── Source data ──
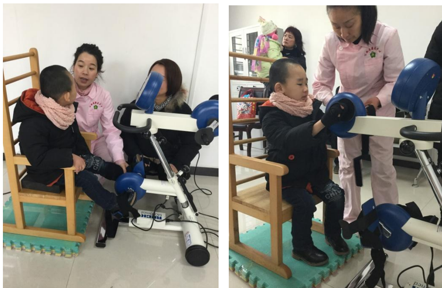
图为康复中心捐赠康复器材项目
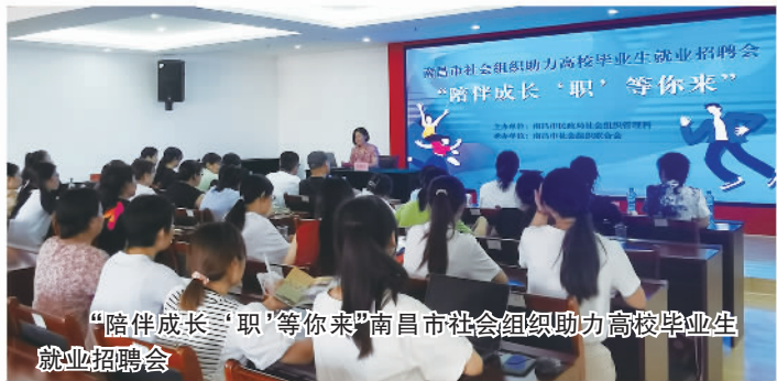
“陪伴成长·职·等你来”南昌市社会组织助力高校毕业生就业招聘会

依托社区、社会组织、民政服务机构等阵地开辟就业岗位10万余个,招收高校毕业生1.5万人。积极助企纾困,开展普惠养老专项再贷款试点,支持23家养老服务企业获得贷款9.09亿元。引导行业协会商会通过减免、降低、取消收费等举措减轻企业负担约4816万元,为行业争取帮扶政策,减轻企业负担约1.7亿元。深化“放管服”改革,打造赣服通“民政专区”,37项民政事项实现“全程网办”,“公民身后一件事”入选国务院办公厅政务服务效能提升典型经验案例。开展“乡村著名行动”,助力乡村全面振兴,新增乡村地名命名、更名2841条,设置乡村地名标志7414块,采集上图38564条。
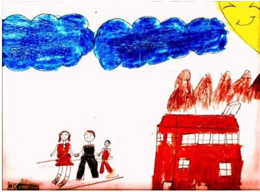
Resim 4: Mine'nin resmi

Öğrenci şiirlerinde yer alan oyun telaşı teması, oyuna dalmak ve eve ekmek almayı unutmanın getirdiği telaş olarak ifade edilmiştir. Resimde yer alan diğer bir tema trafik yoğunluğu telaşdır. Aşağıda bu temaya ilişkin öğrenci ifadelerinin yer aldığı resim ve şiir örneği verilmiştir.
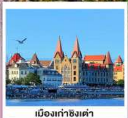
เมืองท่าชิงเต่า

ละมุนกรุ๋นกลิ่นสตอร์รี่ เบียงไถ เว่ยไห่ จีหนาน
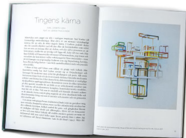
SAK:s årsbok 2017 – "Till konsten – tro, hopp, tvivel och kärlek". ISBN 978-91-7843-510-4
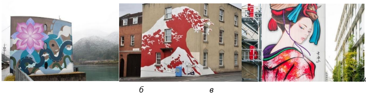
Рис. 7. Мурали Японії
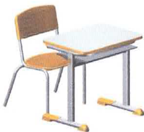
CJA 01 (ABS)
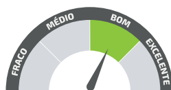
RESISTÊNCIA AO IMPACTO
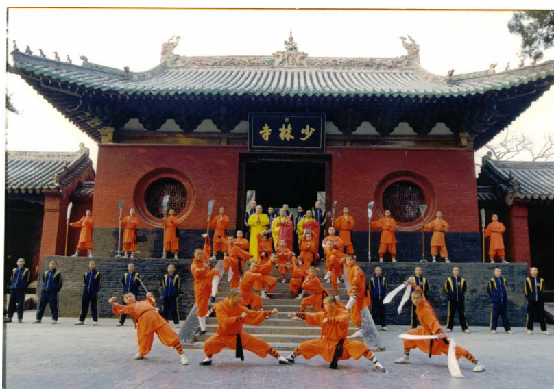
Le Temple de Shaolin

Renseignements : KUNG FU DEVELOPPEMENT – BP 122 – 38551 St Maurice L'Exil
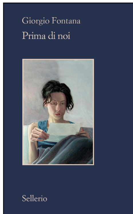
I tre finalisti del Premio Salgari: “Prima di noi”, “Io sono la strega” e “La grande caccia”

Giovedì 1 ottobre alle 11 alla Sala Rossa della Provincia di Verona avverrà la presentazione alle Autorità, alla Stampa e al pubblico dei VINCITORI finalisti della VIII Edizione del Premio “Emilio Salgari” di Letteratura Avventurosa, organizzata e promossa dall’Associazione “Il corsarone” di Verona, dal Comune di Negrar di Valpolicella (VR) e dall’Università del Tempo Libero di Negrar (UTL) in collaborazione con l’Assessorato alla Cultura del Comune di Negrar di Valpolicella, la casa editrice il Rio di Mantova (MN) e la casa editrice Oligo Editori di Mantova (MN), la libreria Pagina12 di Verona (VR) e altri enti pubblici e privati, con il patrocinio della Regione Veneto, della Provincia di Verona e del Comune di Negrar di Valpolicella e con il sostegno di varie associazioni culturali nazionali.
───
§ **Exercise**
Look through the listing above for the line with "Resim 4: Mine'nin resmi" and the line with "I tre finalisti". Write out exactly those lines and everything between, leaving out pictures.

§ **Completed exercise**
Resim 4: Mine'nin resmi

Öğrenci şiirlerinde yer alan oyun telaşı teması, oyuna dalmak ve eve ekmek almayı unutmanın getirdiği telaş olarak ifade edilmiştir. Resimde yer alan diğer bir tema trafik yoğunluğu telaşdır. Aşağıda bu temaya ilişkin öğrenci ifadelerinin yer aldığı resim ve şiir örneği verilmiştir.
เมืองท่าชิงเต่า

ละมุนกรุ๋นกลิ่นสตอร์รี่ เบียงไถ เว่ยไห่ จีหนาน
SAK:s årsbok 2017 – "Till konsten – tro, hopp, tvivel och kärlek". ISBN 978-91-7843-510-4
Рис. 7. Мурали Японії
CJA 01 (ABS)
RESISTÊNCIA AO IMPACTO
Le Temple de Shaolin

Renseignements : KUNG FU DEVELOPPEMENT – BP 122 – 38551 St Maurice L'Exil
I tre finalisti del Premio Salgari: “Prima di noi”, “Io sono la strega” e “La grande caccia”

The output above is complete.